Ensuite, au cours des années 1990, de nouvelles définitions de la RSE émergent. Elkington introduit le principe du triple résultat (triple bottom-line) qui évalue la performance de l’entreprise sous trois angles : social (personnes), environnemental (planète) et économique (profit). Ce concept a été largement adopté dans le monde des entreprises. Durant cette même décennie, Carroll (1983) contribue au développement du concept RSE ; il ajoute le mot philanthropique à sa définition et l’illustre en forme de pyramide à base économique.

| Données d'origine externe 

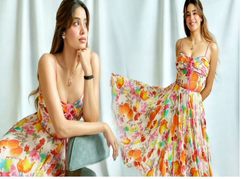
చిన్నది. ఇదెక్కడి డిప్లీస్ రా మామ..! ఈ సీనియర్ హీరోయిన్ భర్త టాలీవుడ్ హీరోనా..!! ఏ ఏ సినిమాలు చేశాడంటే తాజాగా ఈ ముద్దుగుమ్మ కొన్ని ఆనక్షికర కామెంట్స్ చేసింది. గతంలో నేను చాలా సార్లు నాకు పెళ్లియందని అబద్ధం చెప్పా.. వేరే దేశాలకు వెళ్ళినప్పుడు నేను ఎక్కడైనా ఇలా అబద్ధాలు చెప్పంటా.. అమెరికా అందాలకు యమా క్రేజ్ ఉంది. అందాల ఆరబోస్తూ కుర్రాళ్లను కప్పిస్తుంది ఈ

అలనాటి అందాల తార శ్రీదేవి కూతురు జాన్వీ కపూర్ ప్రస్తుతం పరుసగా సినిమాలు చేస్తూ ఇండస్ట్రీలో హీరోయిన్ గా రాణిస్తుంది. దగ్గరే సినీమాతో ఇండస్ట్రీలో అడుగు పెట్టి పరుసగా సినిమాలు చేస్తూ ప్రేక్షకులను అలరిస్తుంది జాన్వీ కపూర్. మొన్నటివరకు హిందీలో పరుసగా సినిమాలు చేసి ఆకట్టుకుంది ఈ బ్యూటీ. కమర్షియల్ సినిమాలతో పాటు తేడీ ఓరియంటెడ్ మూవీస్ లోనూ సటిస్టు ప్రేక్షకులను ఆకట్టుకుంది. ఎప్పటికప్పుడు ప్రయోగాత్మక సినిమాలు చేస్తూ అభిమానులను ఆకట్టు కుంటుంది. విభిన్నమైన కథలను ఎంచు కుంటూ సినిమాలు చేస్తున్నప్పటికీ ఆశించిన స్టాయిల్ నక్సెస్ కాలేకపోతుంది ఈ చిన్నది. పెట్టింది రూ. 5కోట్లు.. వచ్చింది రూ. 60 కోట్లు.. ఇప్పటికీ ఓటీటీలో దుమ్మురేపుతున్న చిన్న సినిమా ఇక గత ఏడాది ఎన్టీఆర్ కు జోడీగా దేవర్ సినిమాలో నటించింది. కొరటాల శివ దర్శకత్వంలో తెరకెక్కిన ఈ సినిమా మంచి విజయాన్ని అందుకుంది. ఈ సినిమాతో తెలుగులోకి అడుగుపెట్టింది జాన్వీ. త్వరలోనే దేవర్ 2 రాసుంది. అలాగే మోహన్ సార్ గా రావే చరణ్ సరసన కూడా నటిస్తుంది జాన్వీ కపూర్. బుచ్చిబాబు దర్శకత్వంలో పెట్టిలో హీరోయిన్ గా నటిస్తుంది. ఇక సోషల్ మీడియాలో జాన్వీ అందాలకు యమా క్రేజ్ ఉంది. అందాల ఆరబోస్తూ కుర్రాళ్లను కప్పిస్తుంది ఈ

Au commencement du 21ème siècle, apparaît une nouvelle dimension de la RSE. Pour la Commission Européenne (2002, p. 347), la RSE présente des relations étroites entre l’entreprise et la société :

« la RSE est un concept dans lequel les entreprises intègrent les préoccupations sociales et environnementales dans leurs activités et dans leurs interactions avec leurs parties prenantes, sur une base volontaire ».

Le conseil mondial des entreprises pour le développement durable (World Business Council for Sustainable Development, 2008, p.34) définit la RSE comme étant : « l’engagement des entreprises à adopter des comportements éthiques et à contribuer au développement économique tout en améliorant la qualité de vie des employés, de leurs familles ainsi que de la communauté locale et de la société dans son ensemble ».

A son tour, Dahlsrud (2008) affirme que malgré la diversité des définitions avancées de la RSE, elles se réfèrent toutes à cinq dimensions :

a. Economique, socio-économique

b. Sociale, la relation entre l’économie et la société. c. Environnementale, l’environnement naturel d. Volontaire, activités non prescrites par la loi

e. Parties prenantes, la relation avec les parties prenantes ou les groupes de parties prenantes.

Le 21ème siècle correspond à l’époque de diffusion de l’industrie de la RSE, vu que de grandes entreprises ouvrent des départements spécialisés et embauchent des directeurs et des consultants spécialisés en RSE. Les universités tiennent des conférences à ce sujet et les chercheurs contribuent à une nouvelle littérature consacrée à la responsabilité sociale des entreprises. De nombreux ouvrages et articles de journaux traitent du même sujet.

La communauté s’intéresse désormais à faire le rapport entre ce que pensent les entreprises de leur responsabilité sociale et ce qu’elles font pratiquement.

Selon Phillip Kotler et Nancy Lee (Kotler & Lee, 2005), toutes les définitions déjà mentionnées pourraient être groupées en deux grandes catégories : « l’approche traditionnelle » et « la nouvelle approche ». Les entreprises ne considèrent plus que la RSE soit une obligation mais plutôt, un outil stratégique.

L’approche traditionnelle couvre les définitions qui se rapportent à une obligation, avant les années 1990. Les entreprises adoptaient cette approche pour la seule cause qu’elle leur procurait une place dans le marché. Elles ne le faisaient pas car elles s’intéressaient au bien- être de la société mais, dans le but de construire leur image corporative. Les engagements étaient à court-terme, ce qui aidait à répartir les richesses entre les entreprises au cours des années. La direction de l’entreprise choisissait les initiatives qui reflétaient ses désirs et ses préférences au lieu de supporter ses buts stratégiques.

La nouvelle approche émerge au début des années 1990, quand la RSE n’est plus conçue comme obligatoire, mais devient un outil stratégique visant à renforcer les activités de promotion de l’entreprise et donc, à améliorer son image et sa réputation et contribuer à la réalisation de ses objectifs. Dans ce cas, tout le monde est gagnant, puisque l’entreprise réussit à construire une bonne réputation tout en faisant le bien de la société.